«Ne me demandez point à la voir, continua Emmy; il m'est impossible de la voir.
—Je vous l'avais bien dit, fit Dobbin en se retournant vers Jos.
—Ah si vous saviez comme elle est malheureuse, reprit Jos avec une nouvelle insistance. Elle est plongée dans l'indigence la plus complète, sans amis pour la secourir, et elle a été malade à toute extrémité, et enfin son indigne mari a eu l'infamie de l'abandonner.»
Amélia poussa un soupir.
«Elle n'a plus un seul ami au monde, entendez-vous? continua Jos avec une habileté qui avait de quoi surprendre de sa part, elle m'a dit que sa dernière espérance reposait tout entière sur vous. Ah! elle est bien à plaindre, Emmy; sa douleur va presque à la folie, et son histoire m'a vivement touché; oui, je vous le jure sur l'honneur, jamais si cruelle persécution n'a trouvé victime aussi résignée. Sa famille a été bien dure et bien cruelle à son égard.

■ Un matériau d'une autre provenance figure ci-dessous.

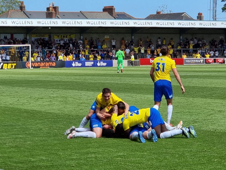 As the timer ticked over to 90, it was last chance saloon for the boys in Yellow. A long thrown in from substitute Ryan Dickson wasn’t dealt with, and the ball eventually fell to Ben Wynter who lashed home a fantastic left foot shot. Cue the pandemonium. 3-3 and a point secured in the most dramatic of ways!
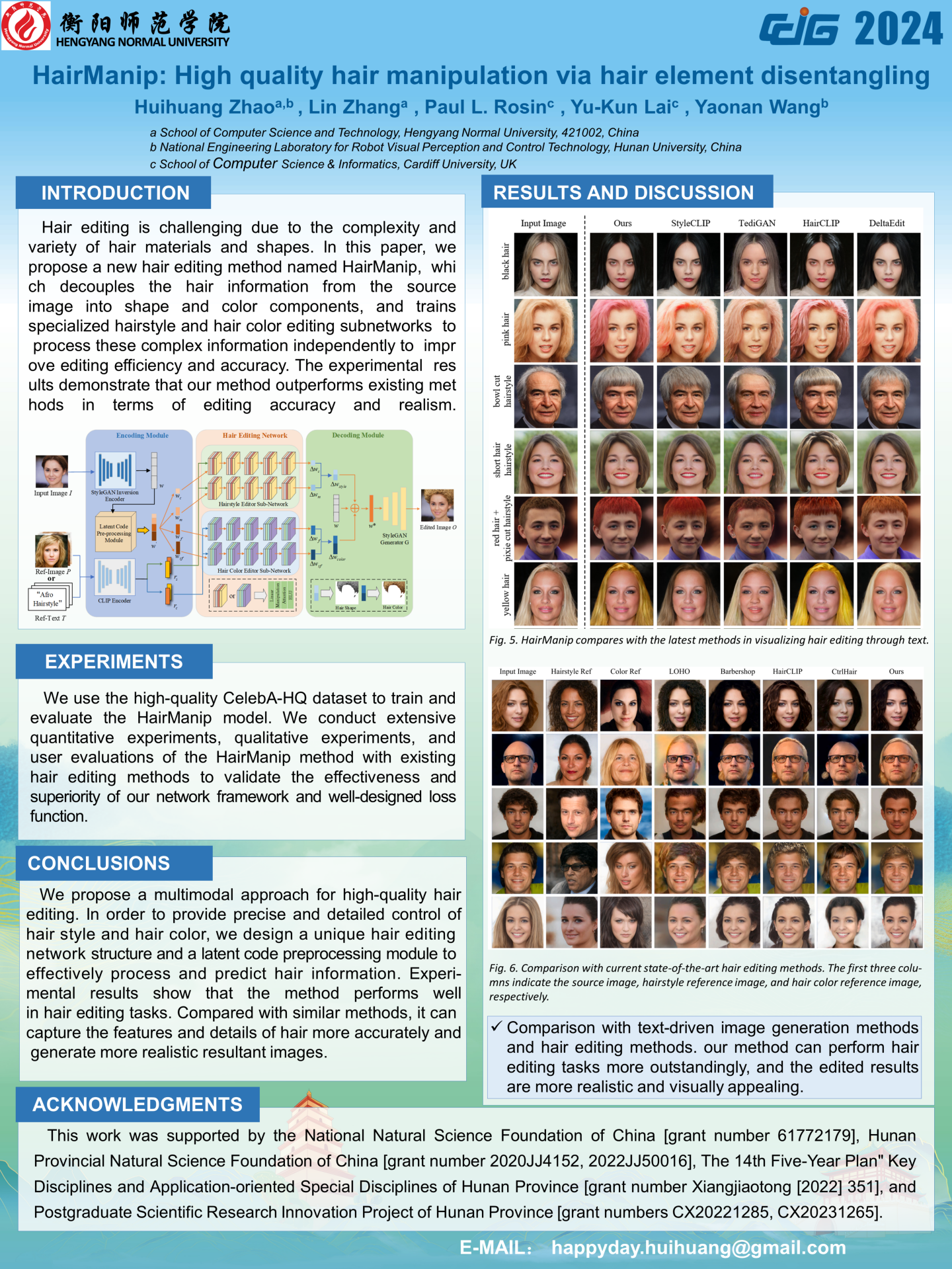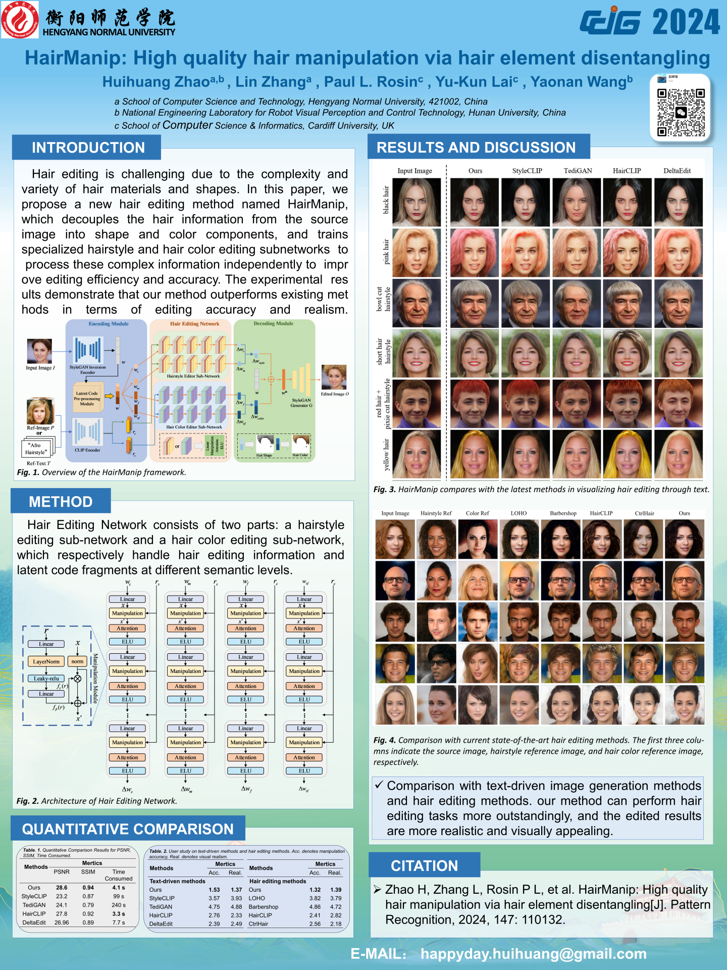 | P055 | HairManip: High quality hair manipulation via hair element disentangling | 赵辉煌,张林,Paul L.Rosin,来煜坤,王耀南 | Pattern Recognition | 查看 |

—Pauvre créature! fit Amélia.
—Faute de trouver un ami qui lui tende la main, elle dit qu'il ne lui reste plus qu'à mourir; et Jos, d'une voix émue et tremblante, continua sur le même ton: Par mon âme, vous savez sans doute qu'elle a déjà essayé de se donner la mort! Elle porte toujours du laudanum avec elle; elle en a une bouteille dans sa chambre.... Une pauvre petite chambre, bien misérable.... dans une maison plus misérable encore.... l'hôtel de l'Éléphant. Elle loge dans les combles; j'ai voulu y aller moi-même.»
Cette dernière particularité n'eut pas l'air de faire grande impression sur Emmy; elle fit même un léger sourire. Peut-être voyait-elle en esprit Jos tout essoufflé gravir les étages successifs.
«Elle est seule, seule en face de son chagrin, reprit-il: le récit des tortures qu'elle a endurées a vraiment de quoi fendre l'âme. Elle a un petit garçon du même âge que Georgy.
—Oui, en effet, reprit Emmy, je crois m'en souvenir; eh bien! après.